Ingredients:

  • 1 lb lean ground beef
  • 2 tbsp olive oil
  • 4 tbsp taco seasoning
  • 1/4 cup water
  • 8 oz cream cheese, softened
  • 1/2 cup sour cream
  • 1 tsp lemon juice
  • 16 oz refried beans
  • 1 cup shredded sharp cheddar cheese
  • 1/2 cup diced tomatoes
  • 1/4 cup diced red onion
  • 2 tbsp chopped fresh cilantro
  • 1 sliced jalapeño

Instructions:

  1. Heat the olive oil in a skillet over medium-high heat.
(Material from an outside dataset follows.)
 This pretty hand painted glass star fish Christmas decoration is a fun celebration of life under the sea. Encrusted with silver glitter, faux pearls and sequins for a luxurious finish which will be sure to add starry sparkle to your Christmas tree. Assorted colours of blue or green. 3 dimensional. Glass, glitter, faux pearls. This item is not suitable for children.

Add the lean ground beef, breaking it into small crumbles with a spatula.
  2. Once browned and no longer pink, stir in 3 tablespoons of taco seasoning and water. Simmer for 3–5 minutes until the liquid has reduced to a thick glaze.
  3. Drain the meat through a fine-mesh strainer to remove all excess grease and let it cool.
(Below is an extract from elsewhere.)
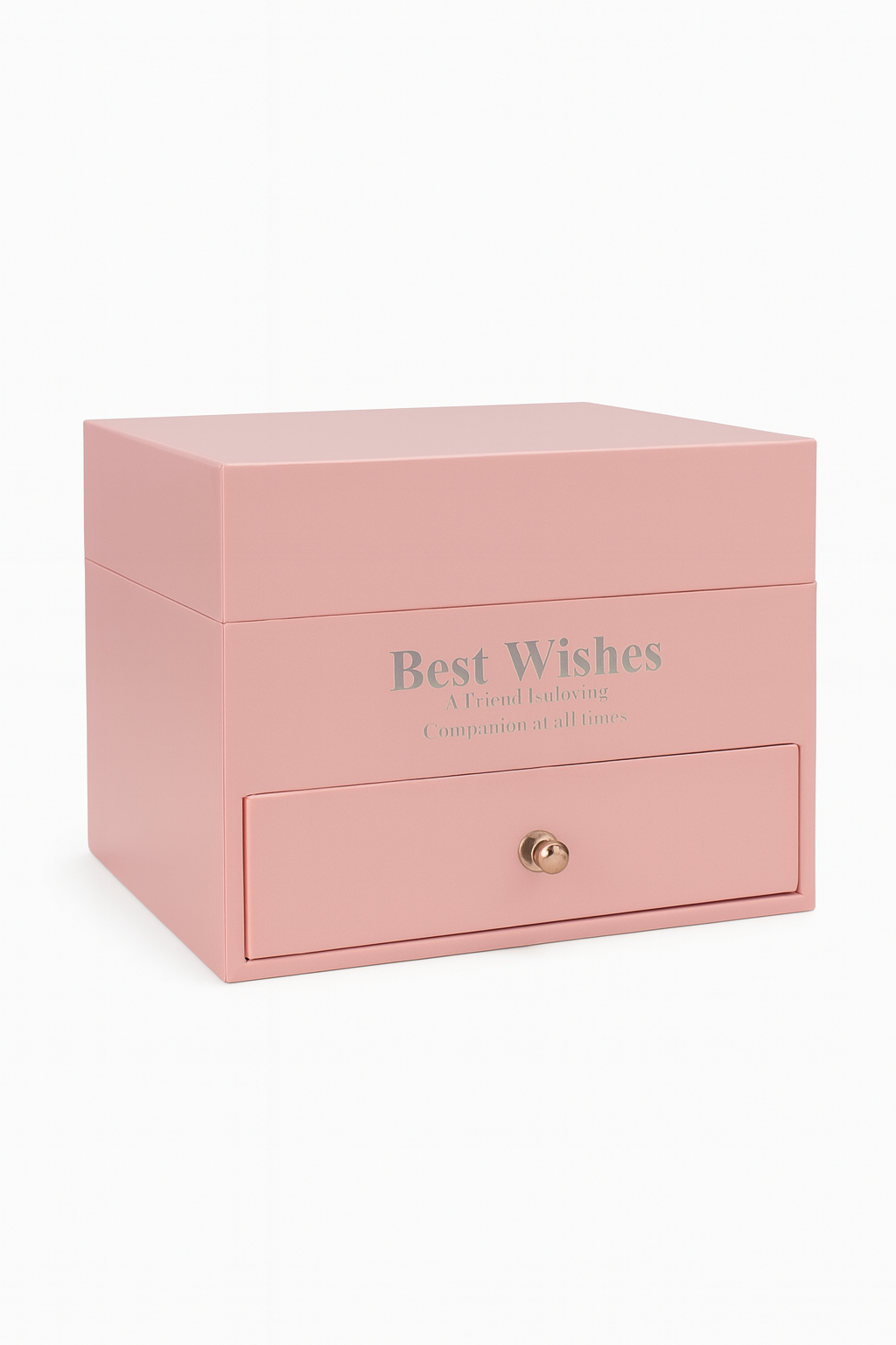 Cutie: Premium, culoare roz, cu capac si sertar glisant

  4. In a medium bowl, combine the softened cream cheese, sour cream, remaining 1 tablespoon of taco seasoning, and lemon juice.
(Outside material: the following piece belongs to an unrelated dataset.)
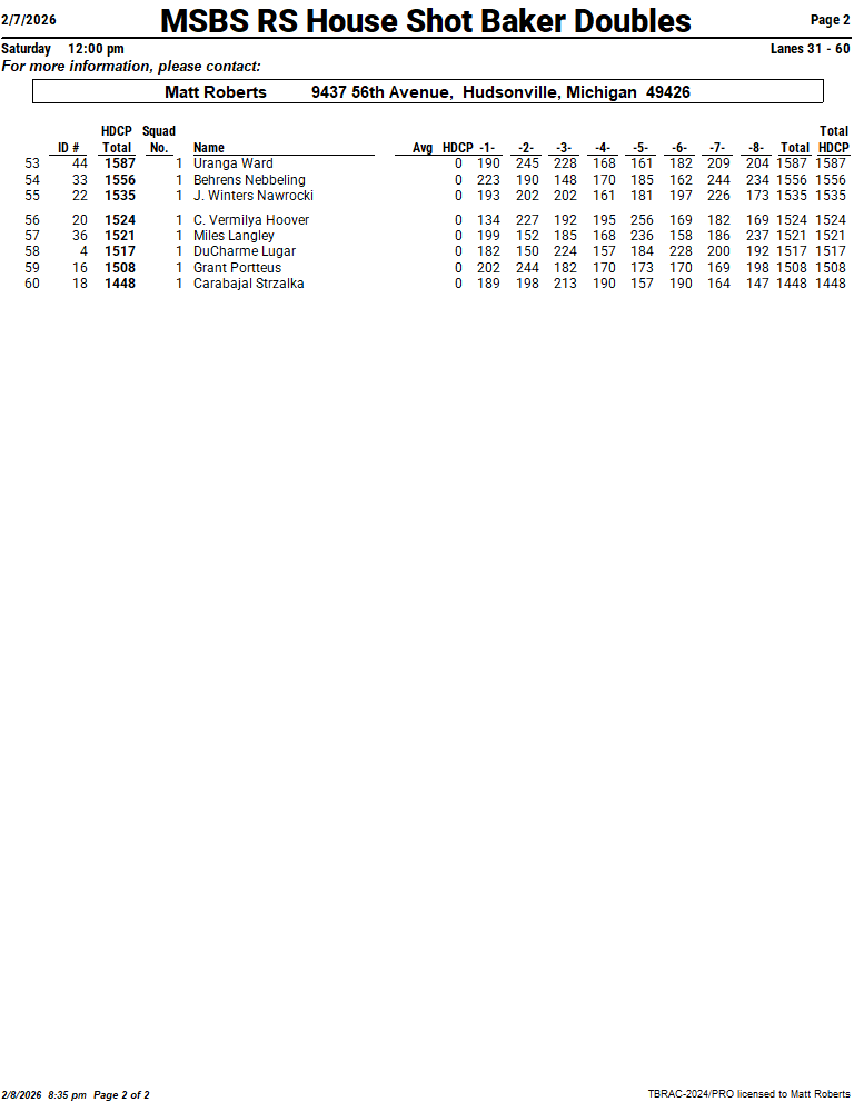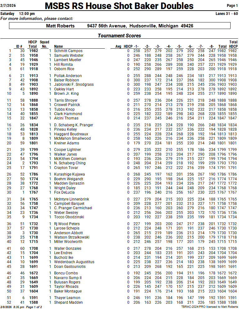 Match Play: Cut to top 15 (based on 60 team entries), then teams are seeded into a bracket. Two baker game total pinfall, single-elimination matches for those who qualify. We are capping match play to the top 16, as this event runs pretty long already.

  5. Beat with a hand mixer or whisk until the mixture is velvety and completely smooth.
  6. Spread the refried beans evenly across the bottom of a 9-inch round glass serving dish.
  7. Spread the creamy taco dip mixture over the beans using an offset spatula.
  8. Layer the cooled ground beef over the cream layer.
  9. Finish by sprinkling the shredded cheddar cheese on top and garnishing with diced tomatoes, red onion, cilantro, and sliced jalapeños.
  10. Chill in the refrigerator for 60 minutes to improve structural integrity before serving.